Джерард, сидевший рядом с ней у столика, старался успокоить ее:
— Прекрати, Лили, не хочу, чтобы в моем доме звучали такие несправедливые слова!
— В банке говорят, что у меня деньги на исходе.
— Уверен, это не так, а деньги необходимо во что-то инвестировать.
— Я не знаю и не понимаю, что значит «инвестировать». Я такая несчастная, и вообще, счастье — это не про меня.
— Разумеется, про тебя, я точно знаю. Ты можешь помогать другим людям.
— Я ненавижу других людей, ненавижу себя. Не могу никому доверять, никому нет дела до меня…
— Ох, да перестань. Конечно есть, мне, например. Если беспокоишься о своих деньгах или еще о чем, всегда можешь прийти ко мне.

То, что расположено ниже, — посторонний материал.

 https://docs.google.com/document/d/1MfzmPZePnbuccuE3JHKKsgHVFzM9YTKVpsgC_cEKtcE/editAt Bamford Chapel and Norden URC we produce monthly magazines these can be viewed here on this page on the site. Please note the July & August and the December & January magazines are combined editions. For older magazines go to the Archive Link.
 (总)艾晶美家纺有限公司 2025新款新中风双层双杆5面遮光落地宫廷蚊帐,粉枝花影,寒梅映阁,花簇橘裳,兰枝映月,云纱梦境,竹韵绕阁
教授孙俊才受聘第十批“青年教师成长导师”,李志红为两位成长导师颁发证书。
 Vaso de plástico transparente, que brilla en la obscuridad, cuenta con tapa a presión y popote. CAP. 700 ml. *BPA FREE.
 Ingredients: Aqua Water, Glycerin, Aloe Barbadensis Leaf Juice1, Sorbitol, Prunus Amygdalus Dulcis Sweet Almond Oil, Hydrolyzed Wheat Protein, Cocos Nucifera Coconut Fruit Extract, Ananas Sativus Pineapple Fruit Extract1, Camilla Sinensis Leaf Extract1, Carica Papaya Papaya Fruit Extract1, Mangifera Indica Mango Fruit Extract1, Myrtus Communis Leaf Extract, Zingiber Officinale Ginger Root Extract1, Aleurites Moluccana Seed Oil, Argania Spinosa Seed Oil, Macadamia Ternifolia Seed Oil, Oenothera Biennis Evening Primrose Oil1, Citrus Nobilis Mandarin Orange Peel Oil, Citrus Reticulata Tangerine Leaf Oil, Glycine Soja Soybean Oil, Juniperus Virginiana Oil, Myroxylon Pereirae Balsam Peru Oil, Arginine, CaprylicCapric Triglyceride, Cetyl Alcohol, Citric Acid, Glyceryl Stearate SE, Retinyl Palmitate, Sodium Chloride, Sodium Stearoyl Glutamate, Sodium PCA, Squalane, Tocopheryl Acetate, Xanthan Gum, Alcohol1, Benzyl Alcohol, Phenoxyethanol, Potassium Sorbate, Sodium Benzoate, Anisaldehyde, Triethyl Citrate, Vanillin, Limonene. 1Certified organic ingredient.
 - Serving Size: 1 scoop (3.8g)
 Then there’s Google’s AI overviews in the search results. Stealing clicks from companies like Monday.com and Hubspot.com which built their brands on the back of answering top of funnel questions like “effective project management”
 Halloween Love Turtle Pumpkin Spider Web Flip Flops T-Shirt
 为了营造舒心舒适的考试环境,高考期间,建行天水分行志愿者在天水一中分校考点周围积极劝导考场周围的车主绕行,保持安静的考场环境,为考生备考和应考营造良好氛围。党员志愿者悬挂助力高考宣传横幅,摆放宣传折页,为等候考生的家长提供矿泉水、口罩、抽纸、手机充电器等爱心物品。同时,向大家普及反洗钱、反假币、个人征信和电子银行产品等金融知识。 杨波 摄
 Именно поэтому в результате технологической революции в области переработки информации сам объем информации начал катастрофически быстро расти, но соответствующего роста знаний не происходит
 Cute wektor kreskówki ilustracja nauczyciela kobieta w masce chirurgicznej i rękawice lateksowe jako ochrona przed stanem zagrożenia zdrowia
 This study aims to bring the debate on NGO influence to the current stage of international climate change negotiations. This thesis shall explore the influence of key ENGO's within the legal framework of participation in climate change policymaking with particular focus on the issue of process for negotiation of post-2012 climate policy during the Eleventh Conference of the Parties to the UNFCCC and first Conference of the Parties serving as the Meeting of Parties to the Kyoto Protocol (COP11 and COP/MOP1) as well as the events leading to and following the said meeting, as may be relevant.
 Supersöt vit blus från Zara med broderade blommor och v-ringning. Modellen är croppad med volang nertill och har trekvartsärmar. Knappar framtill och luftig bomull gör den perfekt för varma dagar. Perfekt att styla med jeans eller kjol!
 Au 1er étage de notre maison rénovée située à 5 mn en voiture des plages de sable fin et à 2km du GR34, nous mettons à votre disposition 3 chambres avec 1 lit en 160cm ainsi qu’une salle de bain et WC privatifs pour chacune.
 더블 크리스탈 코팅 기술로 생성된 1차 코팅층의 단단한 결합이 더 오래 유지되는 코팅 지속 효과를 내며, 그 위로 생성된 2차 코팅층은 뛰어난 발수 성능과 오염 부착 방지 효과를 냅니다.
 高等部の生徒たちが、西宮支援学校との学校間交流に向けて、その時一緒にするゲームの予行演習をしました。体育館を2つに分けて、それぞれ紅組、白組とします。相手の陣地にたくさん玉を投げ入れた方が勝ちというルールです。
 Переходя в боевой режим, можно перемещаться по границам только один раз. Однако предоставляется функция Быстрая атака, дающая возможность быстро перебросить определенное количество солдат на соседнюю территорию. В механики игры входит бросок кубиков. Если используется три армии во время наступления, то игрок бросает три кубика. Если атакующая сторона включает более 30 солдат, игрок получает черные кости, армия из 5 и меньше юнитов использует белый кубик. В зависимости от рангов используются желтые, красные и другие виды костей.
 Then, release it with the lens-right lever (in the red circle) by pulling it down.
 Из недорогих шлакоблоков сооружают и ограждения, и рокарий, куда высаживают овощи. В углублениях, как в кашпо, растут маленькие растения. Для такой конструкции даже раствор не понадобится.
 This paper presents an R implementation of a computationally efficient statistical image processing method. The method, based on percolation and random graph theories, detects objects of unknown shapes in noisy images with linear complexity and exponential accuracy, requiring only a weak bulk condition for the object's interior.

— Правда? — изумилась Лили. Промокнула слезы мягким пышным рукавом платья, грудь которого украшали пятна красного вина. Повернула к Джерарду пьяное, с размазанной косметикой лицо с выражением крайнего облегчения и неожиданно сказала: — Мне всегда хотелось рассмотреть эти картины, но все как-то не получалось, они такие милые.
— Так давай рассмотрим сейчас, — предложил Джерард. Они встали, и Джерард поднял свечу: — Вот это бабочка, это — змея, это — летящий жук, лягушка, японцы любят лягушек, это — девушка, моющая волосы…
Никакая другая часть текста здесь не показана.